W kolejnym sezonie Dyluś wrócił do ekstraklasy i założył koszulkę Stomilu Olsztyn. W tym klubie strzelił jedną z najbardziej pamiętnych bramek, w meczu z Widzewem Łódź przymierzył z rzutu wolnego w samo okienko, dzięki czemu olsztynianie pokonali mistrza Polski 1:0. Sam zawodnik wspomina tego gola następująco: – Ustawiliśmy się - Andrzej Jankowski, Rafał Kaczmarczyk i ja. Każdy z nas potrafił uderzyć i każdy mógł to w tej sytuacji zrobić. Rzuciłem jednak hasło, że mam dzień – bo zwykle tak to w tych sytuacjach wygląda – i ustawiłem sobie piłkę. Ćwiczyliśmy te wolne często, ale wiadomo, że zawsze piłka nie wpada. Pamiętam, że mieliśmy na treningach taki mur z desek i był on już nieźle połamany, ale mimo to pomagał doskonalić te wolne. No i dotknął mnie ten palec boży, uderzyłem tak, jak chciałem i piłka dostała takiej specyficznej, odchodzącej rotacji. Radość była przeogromna, bo emocje przed tym meczem były naprawdę wielkie. Widzew to była przecież wtedy topowa drużyna. (wywiad Piotra Gajewskiego dla portalu dwadozera.pl z dnia 28.09.2011). Olsztyńska przygoda nie trwała jednak zbyt długo, ponieważ piłkarzy zaczęto podejrzewać o odpuszczanie meczów. Daniel odszedł, po raz kolejny obierając kurs na zagranice.
Mimo 33 lat, opinii awanturnika i podejrzeń o ustawianie meczów, na naszego bohatera czekało wiele ofert. Skorzystał z tej najbardziej egzotycznej i wybrał wyjazd do Finlandii. Przez pół roku występował w zespole Tampere PV, po czym obrał kurs powrotny na Warmię i Mazury. Z występami w Finlandii wiąże się ciekawa historia. Pewien niemiecki menedżer organizował wyjazdy do Azji, podczas których zespół złożony z Węgrów, Niemców, Anglików i dwóch Polaków (drugim był Jacek Perzyk) pod nazwą team Europa rozgrywał sparingi z klubami z Indonezji, Singapuru i Malezji.

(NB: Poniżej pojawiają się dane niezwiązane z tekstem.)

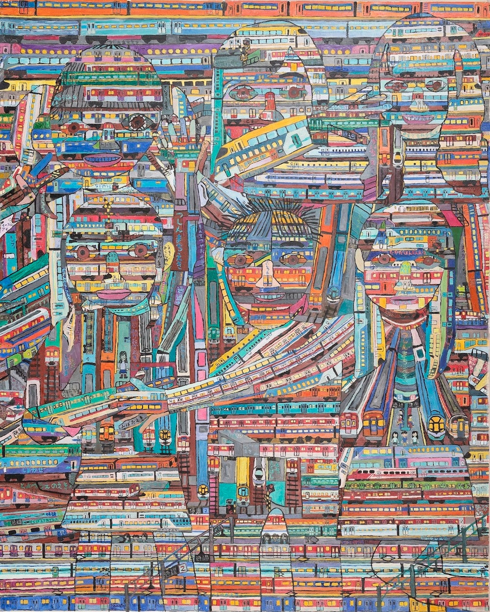 時に独特の不思議なメロディーの歌を口ずさみながら力強く作画される国保さん。彼の描く絵はもちろん、その不思議な、ちょっぴり哀愁漂うメロディーにも心惹かれてしまう。オイルパステルやアクリル絵具を大胆に使い、描いては上描きを繰り返すので何層にも重なった絵はずっしりとした重みがある。
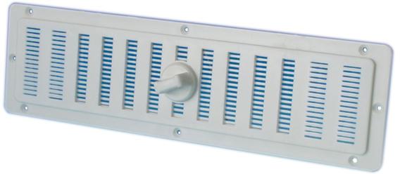 Praktischer und einfach montierbarer Lüfter Technische Daten: Material: Kunststoff 8 Bohrungen (gesenkt) Maße: 250x77mm Farbe: weiß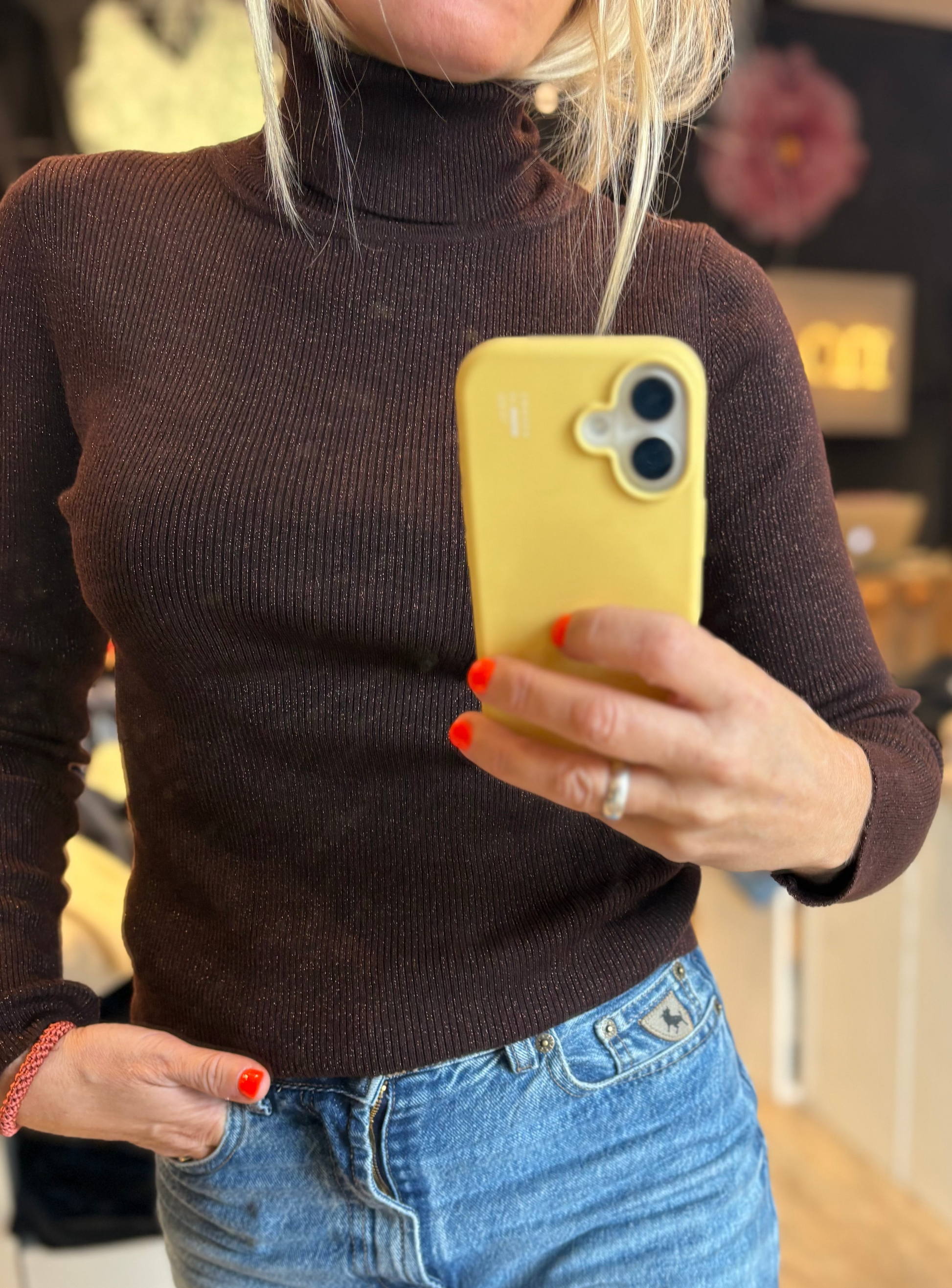 Polo Lurex Brown. Elegant høyhalset genser i brunt med lurextråder ton i ton. Ribbestrikket kvalitet med masse stretch. Finå bruke under jakker, eller alene til bukser og skjørt. Perfekt til party hvis du har en underdel som gjør mye ut av seg! Onesize. Genseren er håndplukket av Anne Kindem Agenturer i Paris, derav navnet From Paris with Love. Kommer i flere farger!

Wydaje się, ze to nic wielkiego, ale na te mecze często przychodziło około 40 tysięcy kibiców, a przecież możliwość zobaczenia tych krajów jest nie lada gratką nawet dla profesjonalnych piłkarzy. Po fińskiej przygodzie Dyluś przez chwilę zakładał koszulkę II-ligowej Warmii Olsztyn, by znów obrać kierunek zagraniczny. Tym razem przywołała go Belgia, a dokładnie Racing Club Tournaisen. Po powrocie próbował jeszcze sił w Błękitnych Orneta, Pogoni Lwówek, MKS-ie Mława, GKS-ie Katowice i Czarnych Żagań, aż w końcu w wieku 36-lat zawiesił buty na kołku.

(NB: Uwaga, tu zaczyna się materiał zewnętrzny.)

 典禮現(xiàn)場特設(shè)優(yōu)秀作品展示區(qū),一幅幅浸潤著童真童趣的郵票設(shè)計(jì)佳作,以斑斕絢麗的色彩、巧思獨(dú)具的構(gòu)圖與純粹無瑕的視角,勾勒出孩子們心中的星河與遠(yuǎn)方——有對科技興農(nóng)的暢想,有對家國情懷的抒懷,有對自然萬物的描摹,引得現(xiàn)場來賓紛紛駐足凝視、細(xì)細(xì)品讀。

Daniel Dyluś miał bogatą karierę. W ciągu 15 lat 17 razy zmieniał klub, i jak sam mówił, nigdzie się nie pchał, zawsze to jego ktoś chciał wepchnąć do swojej drużyny. Potem próbował swoich sił jako lokalny działacz, przez chwilę był też trenerem. Przez chwilę pełnił rolę nauczyciela w Gimnazjum w Pasymiu. Potem odkrył swoją pasję gdzieś indziej. Został kierowcą TIRa i pracował w holenderskiej firmie. Bez wątpienia potrafi więc poukładać sobie życie bez futbolu, co nie znaczy, że potrafi bez niego żyć. Daniel Dyluś był typem piłkarza, który nic nie musiał, był typem piłkarzem, który chciał. Na takich patrzy się różnie, bo oni zawsze mówią co im się nie podoba, upominają się o swoje i nie dają sobie wejść na głowę. Może gdyby raz czy drugi poświęcił swoje zasady dla wyższej idei osiągnąłby więcej, ale możliwe też, że gdyby tak się stało, utonąłby w gąszczu niespełnionych piłkarzy. A więc jak to jest z tym Dylusiem, spełniony czy niespełniony? Dla niego nie ma znaczenia, bo cokolwiek odpowiemy na to pytanie, on nie będzie żałował podjętych decyzji.